Objects are passed by reference by default Objects are accessed by reference, but there is no way to create a reference to a primitive value (byte, short,int, long). You either have to create an object to wrap the integer or use a single element array.
public void sum(int[] i){
i[0] = ...;
}
or
public void sum(MyInt i){
i.value = ...;
}
public class MyInt{
public int value;
}
for your example something like the following could work
public int sum(int v){
return ...;
}
or
public int sum(){
return ...;
}
Update:
Additional/Better description of object references:
Java Objects are always accessed by a reference. Like the primitive types this reference is passed by value (e.g. copied). Since everything a programmer can access in java is passed by copying it (references, primitives) and there is no way to create a reference to a primitive type, any modification to a method parameter (references, primitives) only affects the local copy within the method.
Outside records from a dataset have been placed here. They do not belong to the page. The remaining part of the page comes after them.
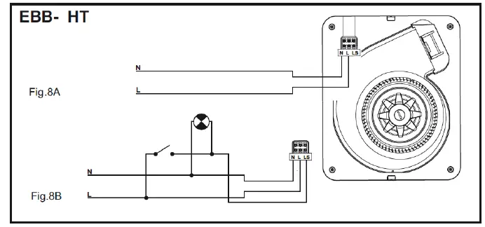 - Follow the electrical diagram applying to the EBB version that is being installed (fig. 5 to 8).
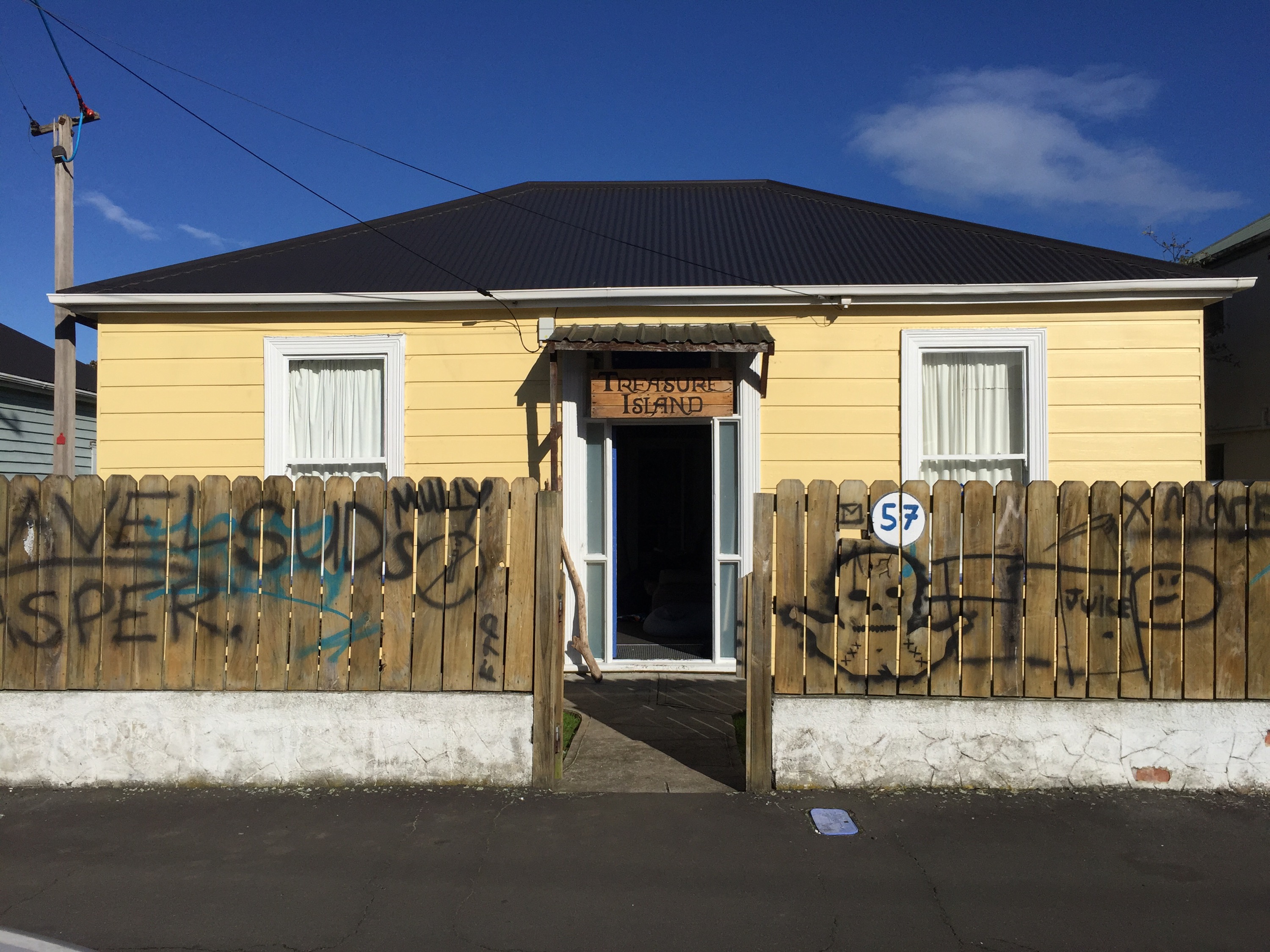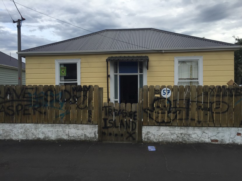 This 5 man flat was named after the novel of the same name by Robert Louis Stevenson. The flatties, all from Auckland, listened to the audio book of Treasure Island on their summer road trip back to Dunedin.
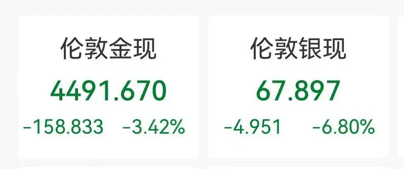 黄金白银价格继续快速下跌,现货黄金失守4500美元,日内跌3.42%,报4491.67美元/盎司;现货白银跌6.8%,报67.89美元/盎司。
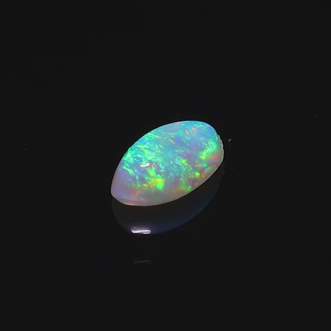Presenting a mesmerizing 0.36-carat black opal from the renowned Lightning Ridge in Australia. This opal radiates a vibrant play of red, green, and blue hues that dance across its polished surface, creating an enchanting visual effect. The depth and fire of this gemstone make it a stunning centerpiece for fine jewelry or an exceptional addition to a gemstone collection, reflecting the natural beauty and rarity of Lightning Ridge opals.
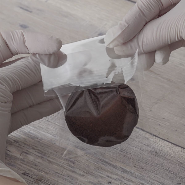 袋のシールの剥離部分を剥がして袋の開け口を留める。
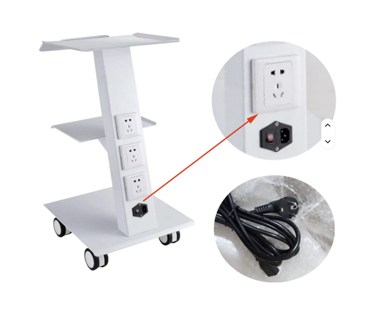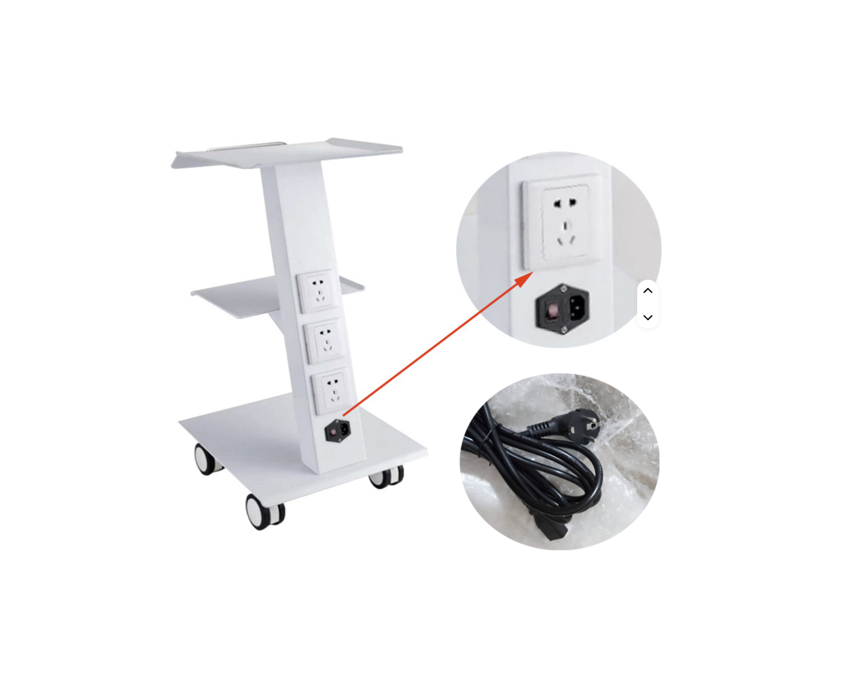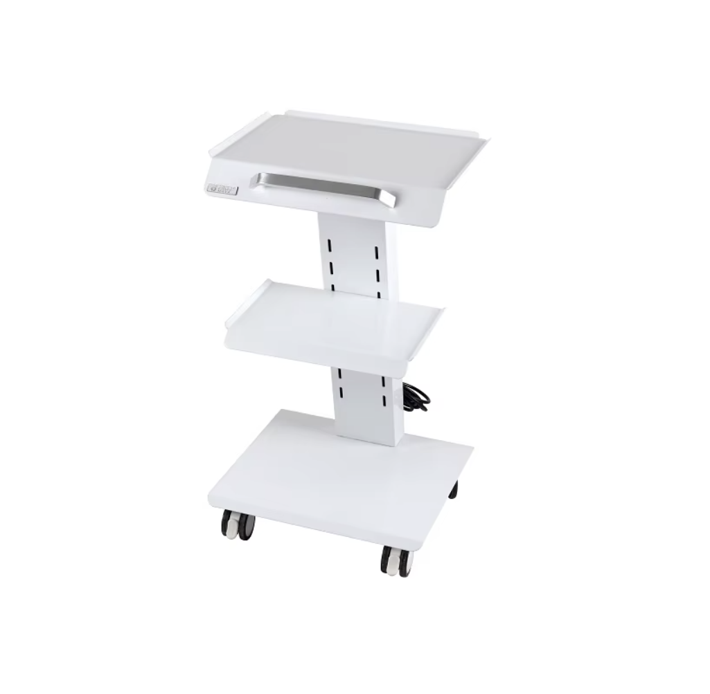 El carro tipo Z de 3 pisos de apoyo para Electrocardiógrafos, Monitores, Equipo de electrocirugía entre otros cuenta además con fuente de alimentación para poder conectar otros equipos, es la ayuda ideal en la clinica o el hospital, versátil para todo uso.

Objects can be modified within a method since both copies of the reference (local and other) still point to the same object instance.
example:
Modify a primitive within method, this only affects the internal copy of i and not the passed value.
void primitive(int i){
i = 0;
}
Modify a reference within method, this only affects the internal copy of ref and not the passed value.
void reference(Object ref){
ref = new Object();//points to new Object() only within this method
}
Modify an object, visible globally
void object(List l){
l.add(new Object());//modifies the object instead of the reference
}
Both the array and MyInt above are based on the modification of an object.
An ordinary Java parameter already is closer to a C++ reference than to C++ pass-by-value or pass-by-pointer. So, all your Java methods are already like this.
int and other primitives are special in Java, however; the above is true for object references.
Edit: More precisely, as stated #fatih, all Java invocations are pass-by-value. However, when you pass an object you are passing a reference by value. So, as a first approximation, the above statement is correct: An ordinary Java parameter is more similar to a C++ reference than to C++ pass-by-value or pass-by-pointer.
Required reading on understanding Java's Pass By Value semantics:
http://www.javaworld.com/javaworld/javaqa/2000-05/03-qa-0526-pass.html
http://javadude.com/articles/passbyvalue.htm
http://javachannel.net/wiki/pmwiki.php/FAQ/PassingVariables (links to several other pages)
Completely remove the notion from your head that Java can have anything passed by reference. Let's look at an example, shall we?
public class App
{
public static void main( String[] args )
{
Foo f1 = new Foo();
doSomethingToFoo(f1);
System.out.println(f1.bar); //Hey guess what, f1.bar is still 0 because JAVA IS PASS BY VALUE!!!
}
static void doSomethingToFoo(Foo f) {
f = new Foo();
f.bar = 99;
}
static class Foo {
int bar = 0;
}
}
The MutableInt class in Apache Commons will do what you want, although it's not pretty.
MutableInt
void sum(MutableInt mx)
{
int x = mx.getValue();
x = ...
mx.setValue(x);
}
...
MutableInt mx = new MutableInt(5);
sum(mx);
int result = mx.getValue();
Additional classes are provided for other primitive types, and also for objects.
There is some overhead involved in creating an additional object simply to provide a reference, so the solution is not optimal, but in most cases you should be ok.
In general, it is always best to find a way to return a result from a method. Unfortunately, Java only allows one value to be returned in this way.